The following arguments are optional:
-b --blas Computes logdet using existing libraries in numpy
and scipy, otherwise, it uses the cython code.
-r --repeat=[int] Number of times the numerical experiment is
repeated. Default is 10.
-l --num-ratios=[int] Number of ratios (p/n) from 0 to 1 to be tested.
Default is 50.
-v --verbose Prints verbose output. Default is False.
-h --help Prints the help message.
Examples:
1. Compute loggdet, set the matrix size to n=2**8=256, the array of 50
ratios p/n from 0 to 1, i.e. linspace(0, 1, 50), and repeat each
experiment 3 times:
$ benchmark.py -n 8 -f loggdet -r 3 -l 50 -v
2. Compute logpdet, set the matrix size to n=2**9=512, the array of 100
ratios p/n from 0 to 1, i.e. linspace(0, 1, 100), and repeat each
experiment 5 times:
$ benchmark.py -n 9 -f logpdet -r 5 -l 100 -v
We run the script with \(n = 2^9\) to test the function detkit.loggdet()
using the option -f loggdet
, and we repeat the experiment ten times using \(r=10\). We generate \(l = 30\) points for the ratio \(p/n = 0, \cdots, 1\).
cd /detkit/benchmark/scripts
python ./benchmark.py -n 9 -f loggdet -r 10 -l 30 -v
Run on Cluster#
To run the /detkit/benchmark/scripts/benchmark.py
script on a cluster, use the job files provided in /detkit/benchmark/jobfiles
directory.
Note
Run the benchmark script on only one processor thread to produce accurate results for measuring processing time.
To run the experiment on a cluster with Torque workload manager, submit
/detkit/benchmark/jobfiles/jobfile_benchmark.pbs
job file bycd /detkit/benchmark/jobfiles qsub jobfile_benchmark.pbs
To run the experiment on a cluster with SLURM workload manager, submit
/detkit/benchmark/jobfiles/jobfile_benchmark.sh
job file bycd /detkit/benchmark/jobfiles sbatch jobfile_benchmark.sh
In either of the two job files in the above, the argument of the benchmark script can be configured for instance by setting N=9
(corresponding to \(n = 2^9\)), NUM_RATIOS=30
(corresponding to \(l=30\)), REPEAT=10
(corresponding to \(r=10\)). Also, set FUNC="loggdet"
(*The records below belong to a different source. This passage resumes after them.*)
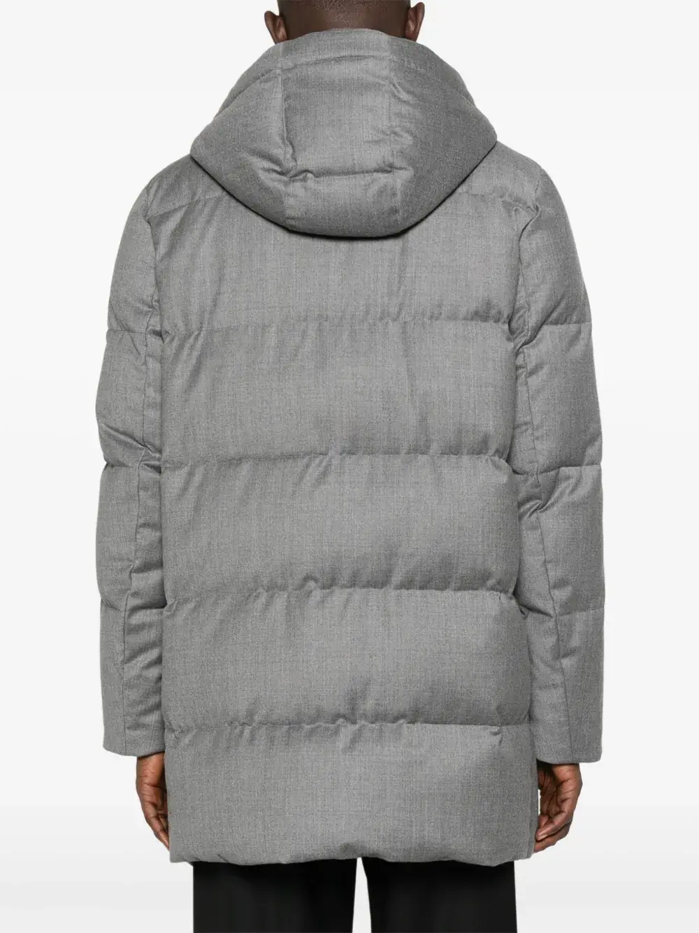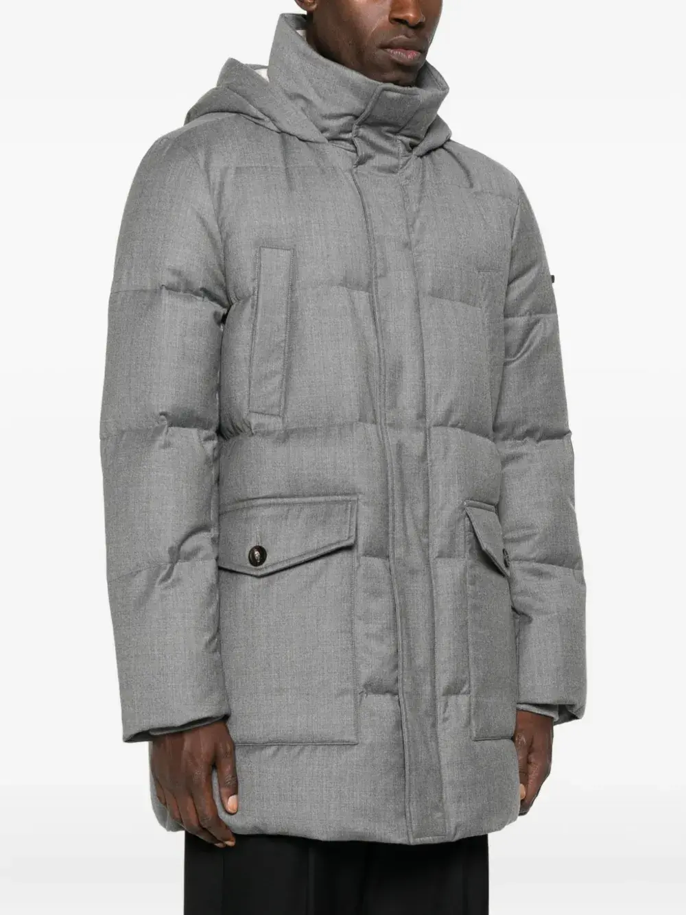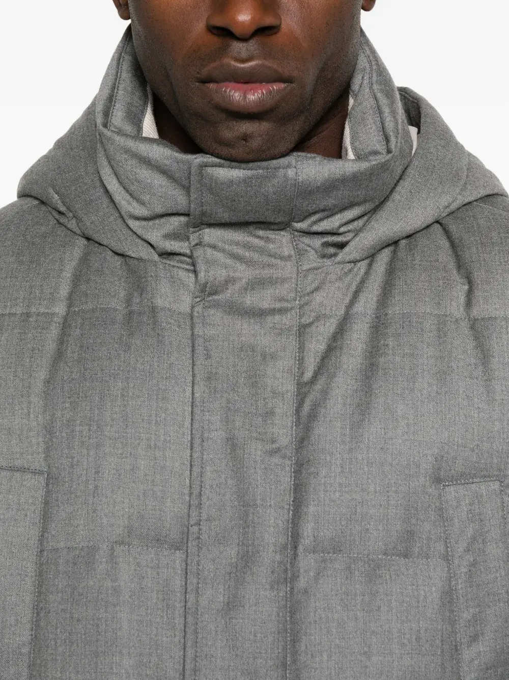 Серый стеганый дизайн капюшон нагрудные карманы с клапанами скрытая застежка спереди прямой нижний край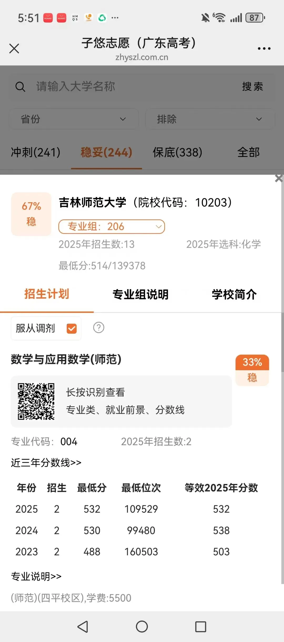 识别左侧二维码,查大学、查专业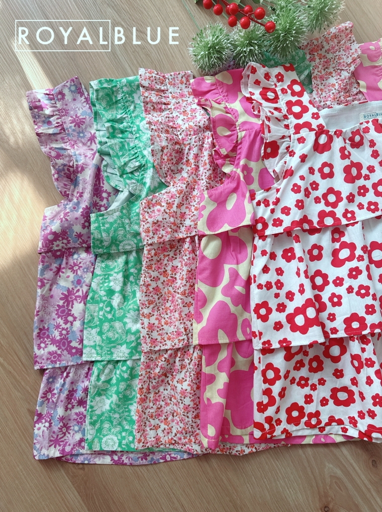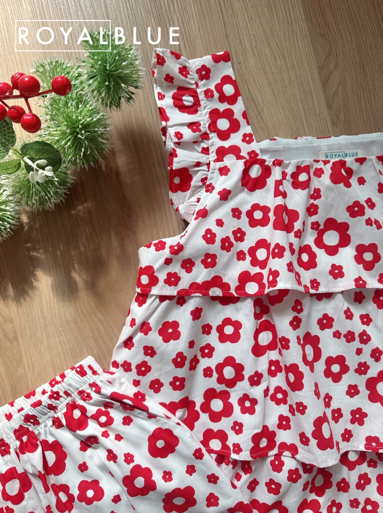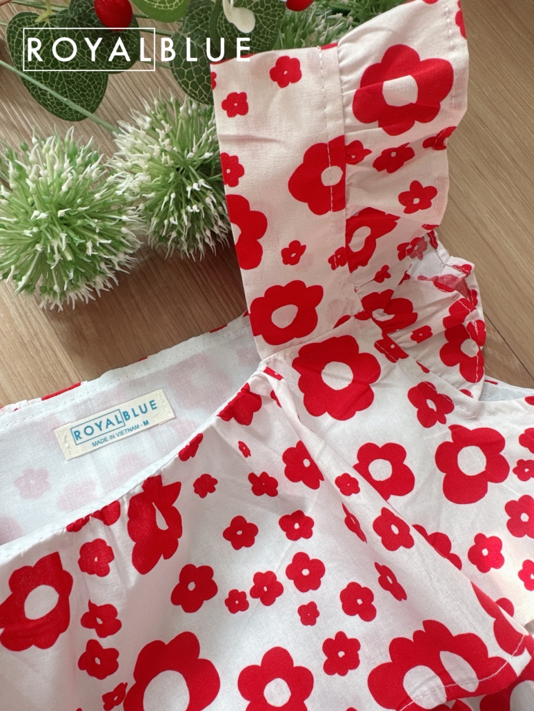 Bộ lỡ sát tay cotton bèo tầng xinh,hoa đỏ

, which computes \(\mathrm{logdet}(\mathbf{A}, \mathbf{X})\).
Output Files#
The output of the above two experiments is stored in /detkit/benchmark/pickle_results
directory. Corresponding to each experiment, the output file has the following name:
Output filename
matrix size
Gramian Matrix Multiplication
benchmark_loggdet_9_gram.pickle
\(n=2^9\)
with utilizing symmetry
benchmark_loggdet_9_no-gram.pickle
\(n=2^9\)
without utilizing symmetry
Plot Results#
To reproduce the plots, run the notebook file /detkit/benchmark/notebooks/benchmark_plot.ipynb
. The notebook stores the plots as svg and pdf files in /detkit/benchmark/plots/
directory. These plots correspond to Figure 2 of [1], which is also shown below. Note that in the figures, the processing time and FLOPs are normalized by \(n^3\) (recall that here \(n = 2^9\)). Such normalization is advantageous if \(n\) is varied as the plot scale remains unchanged.